GPT-1

Last updated
Generative Pre-trained Transformer 1 (GPT-1)
Original author(s) OpenAI
Initial releaseJune 2018;5 years ago (June 2018)
Repository
Successor GPT-2
Type
License MIT [1]
Website openai.com/blog/language-unsupervised/   OOjs UI icon edit-ltr-progressive.svg
Original GPT architecture Full GPT architecture.svg
Original GPT architecture

Generative Pre-trained Transformer 1 (GPT-1) was the first of OpenAI's large language models following Google's invention of the transformer architecture in 2017. [2] In June 2018, OpenAI released a paper entitled "Improving Language Understanding by Generative Pre-Training", [3] in which they introduced that initial model along with the general concept of a generative pre-trained transformer. [4]

Contents

Up to that point, the best-performing neural NLP models primarily employed supervised learning from large amounts of manually labeled data. This reliance on supervised learning limited their use of datasets that were not well-annotated, in addition to making it prohibitively expensive and time-consuming to train extremely large models; [3] [5] many languages (such as Swahili or Haitian Creole) are difficult to translate and interpret using such models due to a lack of available text for corpus-building. [5] In contrast, a GPT's "semi-supervised" approach involved two stages: an unsupervised generative "pre-training" stage in which a language modeling objective was used to set initial parameters, and a supervised discriminative "fine-tuning" stage in which these parameters were adapted to a target task. [3]

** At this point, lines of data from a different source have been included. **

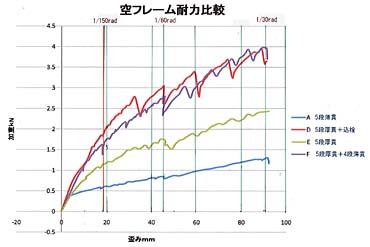 DとFはほぼ同じ強さを示しています。DはEと同じ5段厚貫ですが、込栓で留めている分、動きが拘束され、強度が上がっているものと見られます。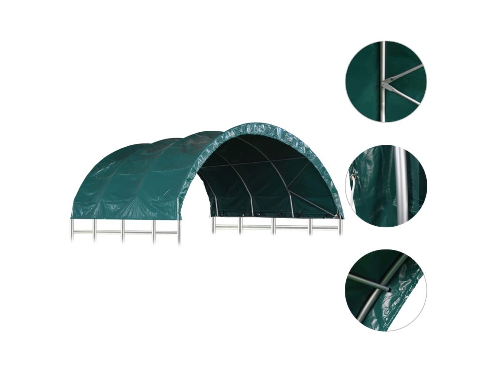 Prístrešok pre hospodárske zvieratá je vyrobený zo 100% PVC materiálu, ktorý je odolný voči UV žiareniu a vode. Rám bol vyrobený z nehrdzavejúcej ocele, vďaka čomu je veľmi odolný. Tento stan pre zvieratá sa dá ľahko zostaviť. Balenie obsahuje strechu, oceľový rám a všetky ostatné doplnky, ktoré potrebujete na jeho inštaláciu.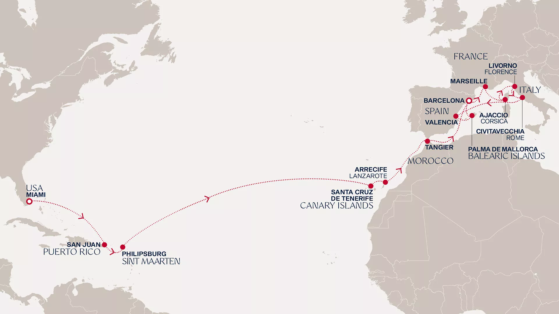 Weave together cultural, historical and scenic highlights, starting with the rhythms of Miami and San Juan, and Philipsburg’s island charm. Enjoy culinary riches and ocean-inspired wellness as we cross the Atlantic to Santa Cruz de Tenerife and Arrecife’s artistic shores. After an inspiring stop in Tangier, the journey continues toward Barcelona’s vibrant allure. Then explore Marseille’s Provençal beauty, Ajaccio’s rich past, Florence’s Renaissance wonders and Rome’s ancient glory. Valencia pulses with life, then Palma’s Balearic bliss brings your unforgettable journey to a close.

The use of a transformer architecture, as opposed to previous techniques involving attention-augmented RNNs, provided GPT models with a more structured memory than could be achieved through recurrent mechanisms; this resulted in "robust transfer performance across diverse tasks". [3]

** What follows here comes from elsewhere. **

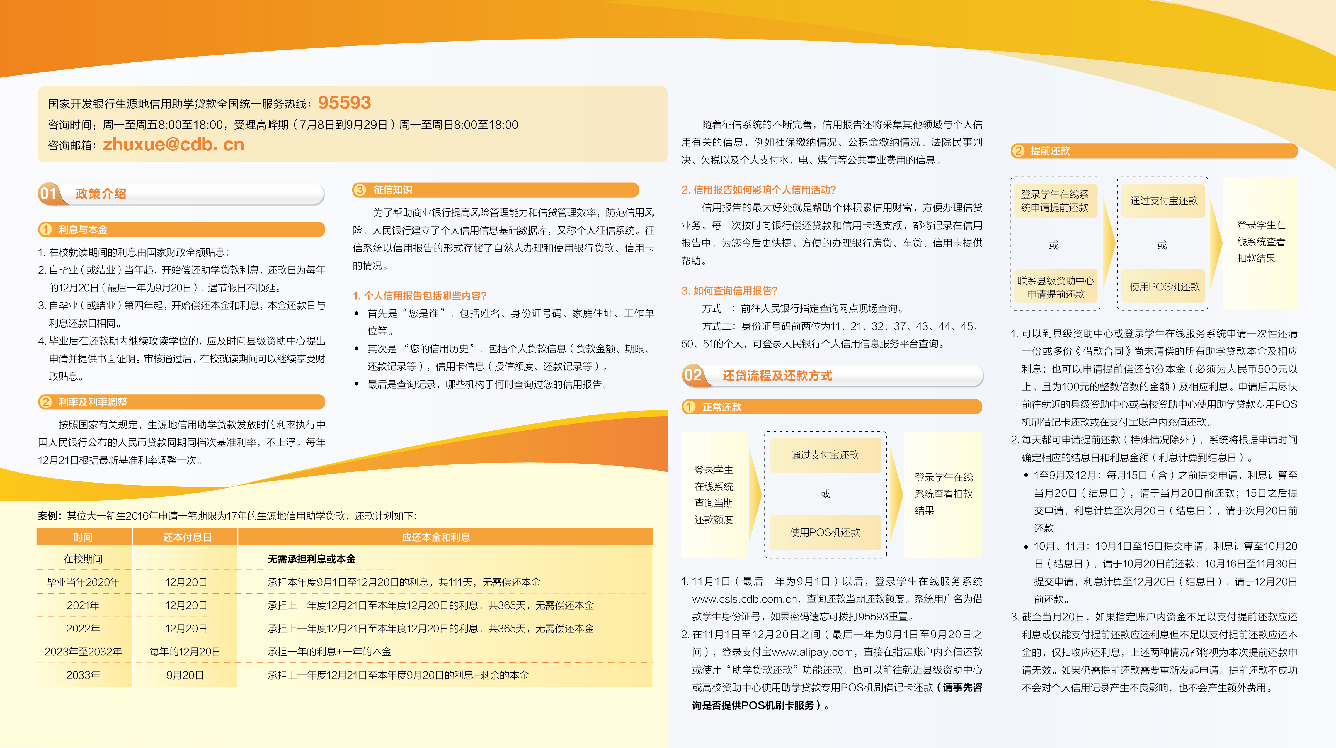 如有助学贷款相关问题,可拨打国开行助学贷款呼叫中心95593咨询。此外,也可访问国家开发银行助学贷款信息网(http://www.csls.cdb.com.cn),点击页面左侧的“各分行及资助中心联系方式”,查询国开行各分行、各省资助中心、各县资助中心及各高校联系方式。

Reason for choosing BookCorpus

BookCorpus was chosen as a training dataset partly because the long passages of continuous text helped the model learn to handle long-range information. [6] It contained over 7,000 unpublished fiction books from various genres. The rest of the datasets available at the time, while being larger, lacked this long-range structure (being "shuffled" at a sentence level). [3]

The BookCorpus text was cleaned by the ftfy library to standardized punctuation and whitespace and then tokenized by spaCy. [3]

Architecture

The GPT-1 architecture was a twelve-layer decoder-only transformer, using twelve masked self-attention heads, with 64-dimensional states each (for a total of 768). Rather than simple stochastic gradient descent, the Adam optimization algorithm was used; the learning rate was increased linearly from zero over the first 2,000 updates to a maximum of 2.5×10−4, and annealed to 0 using a cosine schedule. [3] GPT-1 has 117 million parameters. [4]

While the fine-tuning was adapted to specific tasks, its pre-training was not; to perform the various tasks, minimal changes were performed to its underlying task-agnostic model architecture. [3] Despite this, GPT-1 still improved on previous benchmarks in several language processing tasks, outperforming discriminatively-trained models with task-oriented architectures on several diverse tasks. [3]

Performance and evaluation

GPT-1 achieved a 5.8% and 1.5% improvement over previous best results [3] on natural language inference (also known as textual entailment ) tasks, evaluating the ability to interpret pairs of sentences from various datasets and classify the relationship between them as "entailment", "contradiction" or "neutral". [3] Examples of such datasets include QNLI (Wikipedia articles) and MultiNLI (transcribed speech, popular fiction, and government reports, among other sources); [7] It similarly outperformed previous models on two tasks related to question answering and commonsense reasoning—by 5.7% on RACE, [8] a dataset of written question-answer pairs from middle and high school exams, and by 8.9% on the Story Cloze Test. [9]

GPT-1 improved on previous best-performing models by 4.2% on semantic similarity (or paraphrase detection), evaluating the ability to predict whether two sentences are paraphrases of one another, using the Quora Question Pairs (QQP) dataset. [3]

GPT-1 achieved a score of 45.4, versus a previous best of 35.0 [3] in a text classification task using the Corpus of Linguistic Acceptability (CoLA). Finally, GPT-1 achieved an overall score of 72.8 (compared to a previous record of 68.9) on GLUE, a multi-task test. [10]

Related Research Articles

In artificial intelligence (AI), commonsense reasoning is a human-like ability to make presumptions about the type and essence of ordinary situations humans encounter every day. These assumptions include judgments about the nature of physical objects, taxonomic properties, and peoples' intentions. A device that exhibits commonsense reasoning might be capable of drawing conclusions that are similar to humans' folk psychology and naive physics.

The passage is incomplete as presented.